続いて、SDLアプリとしての短い名前(「MFSDLApp」)と、アプリのタイプ(.information)を、やはりlifecycleConfigurationのプロパティとして追加している。そのlifecycleConfigurationを指定して、こんどはSDLConfigurationクラスのオブジェクト、configulationを作成する。
そして最後に、そのconfigurationを指定して、SDLManagerクラスのオブジェクトを作成、それを上で宣言したsdlManagerに代入している。このsdlManagerは、アプリが車載機とやり取りする際には必ず利用する重要なオブジェクトだ。そのデリゲートは、selfに設定してあるので、今後デリゲートメソッドとして、このクラス内に実装したものが呼び出されることになる。

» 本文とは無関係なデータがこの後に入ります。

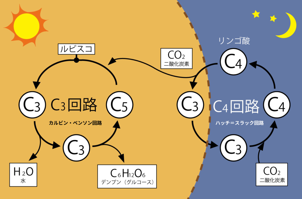 光合成は「カルビン・ベンソン回路(C3回路)」というシステムによって行われます。このシステムは太陽光を利用しているので、多くの植物は日中に気孔と呼ばれる葉の表面の穴を開いて二酸化炭素を取り込もうとします。しかし、乾燥した場所では、暑い日中に気孔を開くと体内の水分もどんどん蒸発してしまいます。

実際の車載機との最初の接続は、続いて実装するconnectメソッドで実行する。
func connect() {
sdlManager.start { (success, error) in
if success {
print("Connection succeeded!");
}
}
}
その中では、SDLManagerのstartメソッドによってアプリと車載機の接続処理を非同期的に開始している。この例では、接続が成功した場合には、コンソールに「Connection succeeded!」と表示している。この段階で、SDLManagerオブジェクトを作る際に設定したアプリ名やID、アイコン画像などが車載機に転送され、車載機上でSDLアプリを起動する準備は整ったことになる。
AppDelegateを編集する
ProxyManagerクラスがとりあえず以上のように記述できたら、最初からプロジェクトに含まれているアプリケーションデリゲートの「AppDelegate.swift」を編集しておく。と言っても、次の1行を加えるだけだ。
ProxyManager.sharedManager.connect()
これによって、アプリ起動直後に、ProxyManagerのconnectメソッドを呼び出している。つまり、iOS上でアプリが起動すると同時に、車載機への接続処理を開始しているのだ。このコードついては、場所も含めてスクリーンショットで確認しておこう(図9)。